HOW TO COMPLETE THIS TASK:
Please count the lines in this listing that include the string "Gacilly", and give only the number.

MATERIAL FOR THIS EXERCISE:
-=-=-
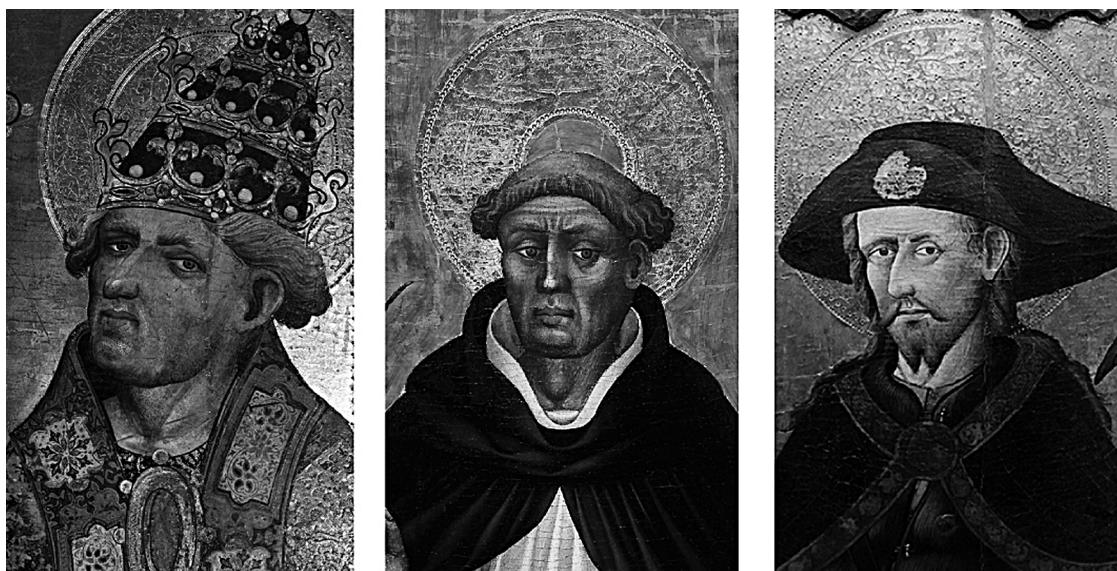
Fig. 1. Documentado como Gonçal Peris, detalles de A) Santa Marta i San Clemente , Catedral de Valencia. B) Santo Domingo , Museo del Prado. C) San Jaime , Museu Nacional d'Art de Catalunya.

En las últimas décadas la interpretación del mapa de la pintura del gótico internacional valenciano ha contribuido a la aportación de un considerable número de propuestas atributivas. En ocasiones, a la luz de nuevos documentos de archivo –no siempre fáciles de comprender–, en otros casos han sido conjeturas más o menos intuitivas que no siempre han aportado conclusiones convincentes. No toda la crítica ha aceptado la hipótesis de dos pintores coetáneos con idéntico apellido. Las investigaciones de Gómez Frechina, Miquel Juan, García Marsilla, o Ruiz i Quesada 6 han considerado poco concluyente la propuesta de dualidad de los Peris y, una vez más se ha vuelto a proponer a un único pintor un extenso número de obras.
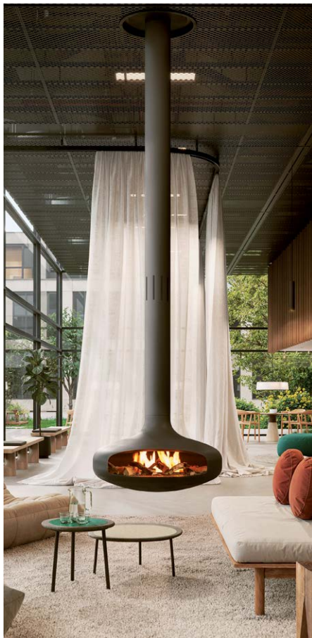
DOMOFOCUS BIOETANOL ©DOMINIQUE IMBERT

Aunque siguen destacando por levitar sobre el suelo, ahora sus llamas funcionan con bioetanol.
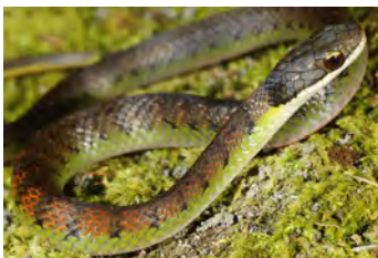
Liophis epinephelus Falsa coral juvenil
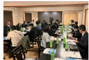
富津・大佐和・天羽支部
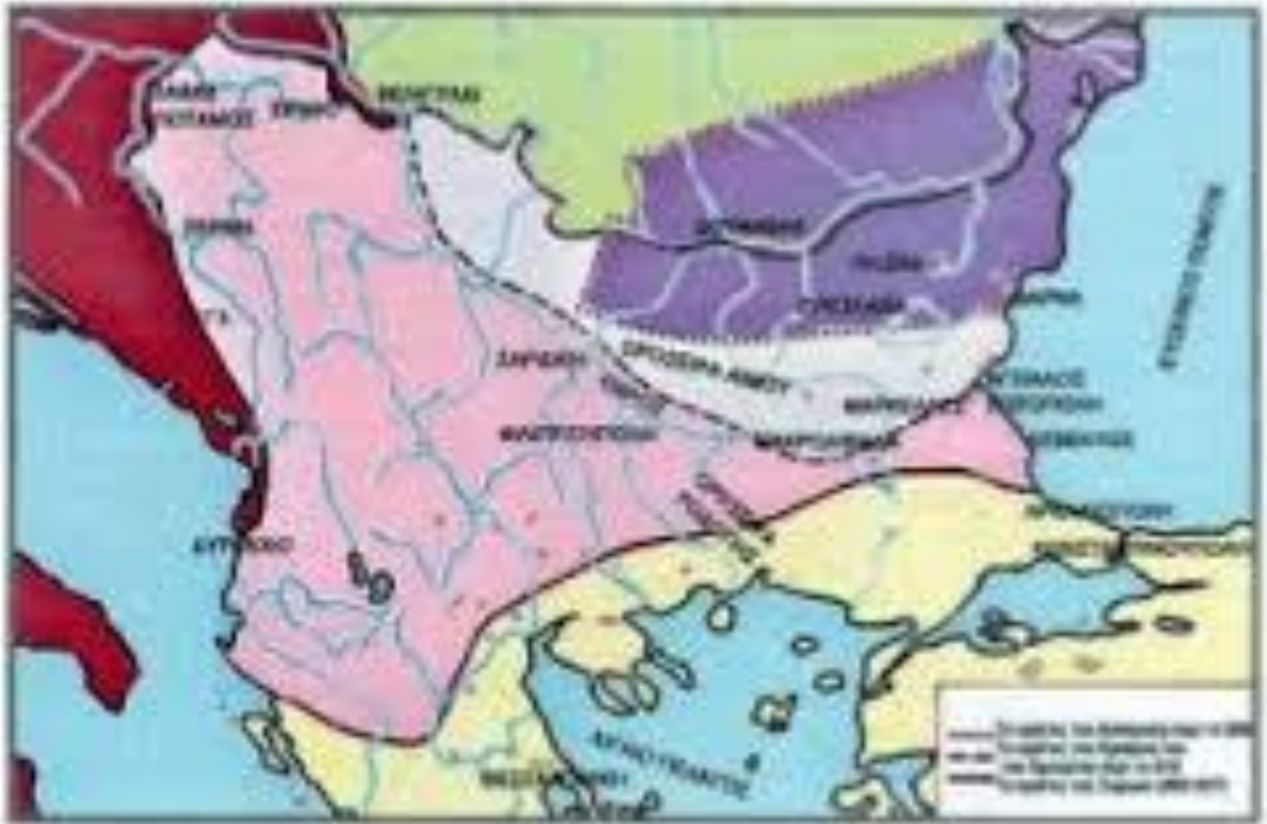
ΤΟ ΠΡΩΤΟ ΒΟΥΛΓΑΡΙΚΟ ΚΡΑΤΟΣ ΕΝΤΕΥΘΕΝ ΤΟΥ ΔΟΥΝΑΒΗ
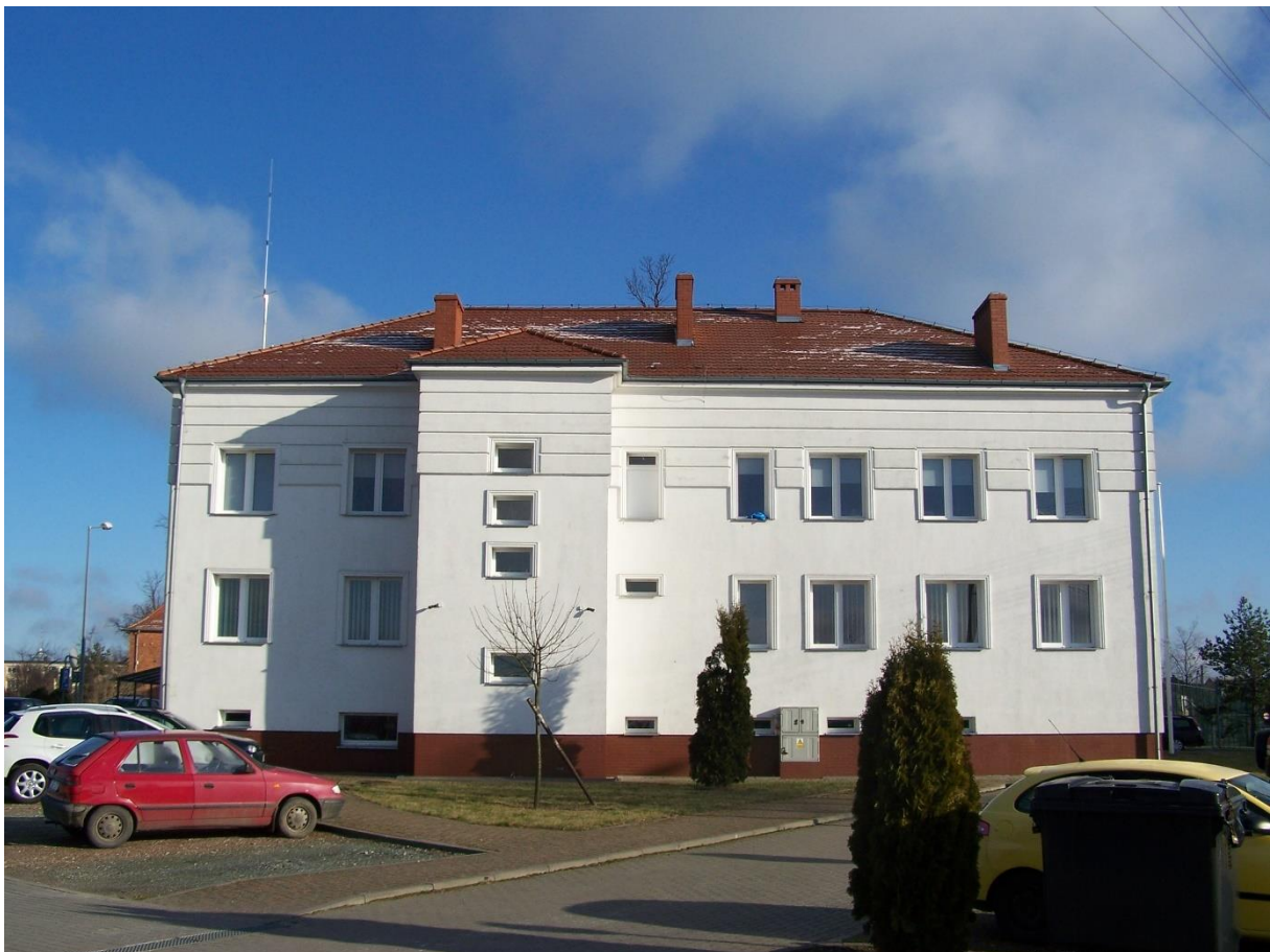
Zdjęcie 8. Stan aktualny po remoncie poszycia dachowego
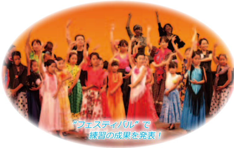
“フェスティバル”で 練習の成果を発表！

日時／① 7/10 (日) 10:30～12:15 ②・③ 7/17・31 (日) 10:40～12:10 ④ 8/6 (土) 12:00～16:00 講師／全国学生フラメンコ連盟の卒業生の皆さん 会場／コミュニティセンター3階 軽運動室など 募集人員／親子など15組30人 対象／4月1日時点で5歳以上の幼稚園児・保育園児、小学生とその保護者で、全4回の教室と8/7(日)のフェスティバルに参加できる人
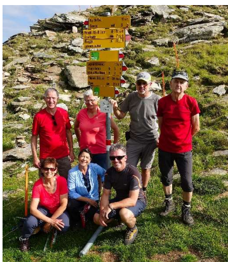
Holla, oben sand's am „Boffalorapass“
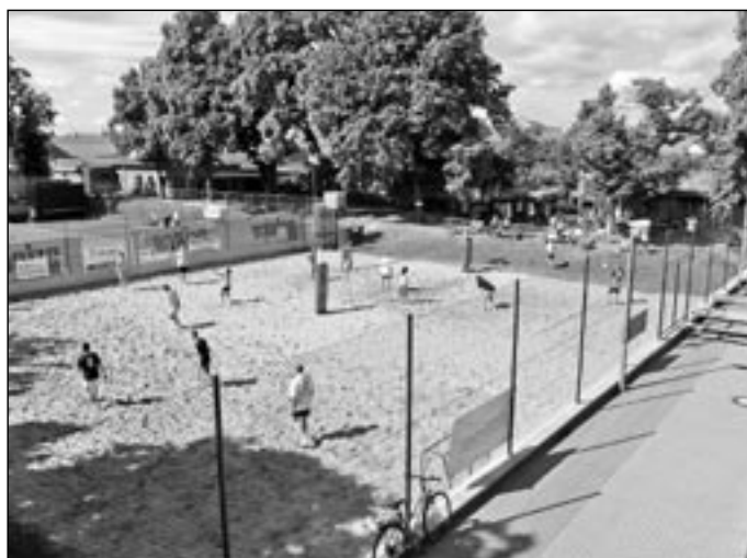
Na kurtech za sokolovnou si všichni zájemci mohou zahrát tenis a plážový volejbal.
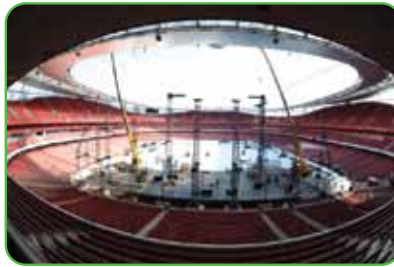
Estadio Emirates, London, UK
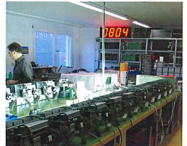
Teilansicht der Produktion bei UNITRON
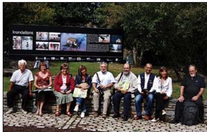
Les membres ISF de Barcelone (Espagne) août 2007 / ISF members of Spain (Barcelona) in La Gacilly August 2007

See pictures of La Gacilly's 2007 photo boards.
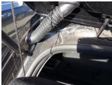
Imagen - 26
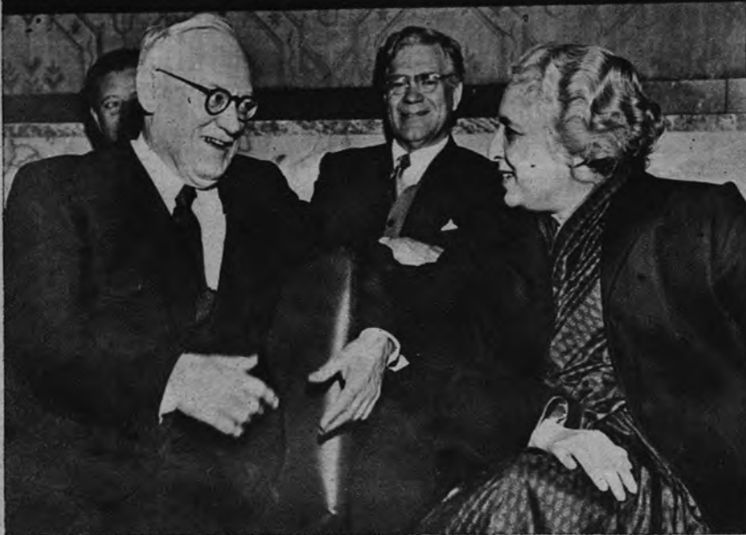
AMABLE COMPONEDORA.—La presidenta de la Asamblea General de las Naciones Unidas, Vijaya Lakshmi de Pandit, muestra su afán de universal diálogo en conversación con el rey de los monólogos, compañero Vichinski, representante de la U. R. S. S., en lo que la señora Lakshmi quiere transformar en amena tertulia
-=-=-
PROBLEM SOLUTION:
2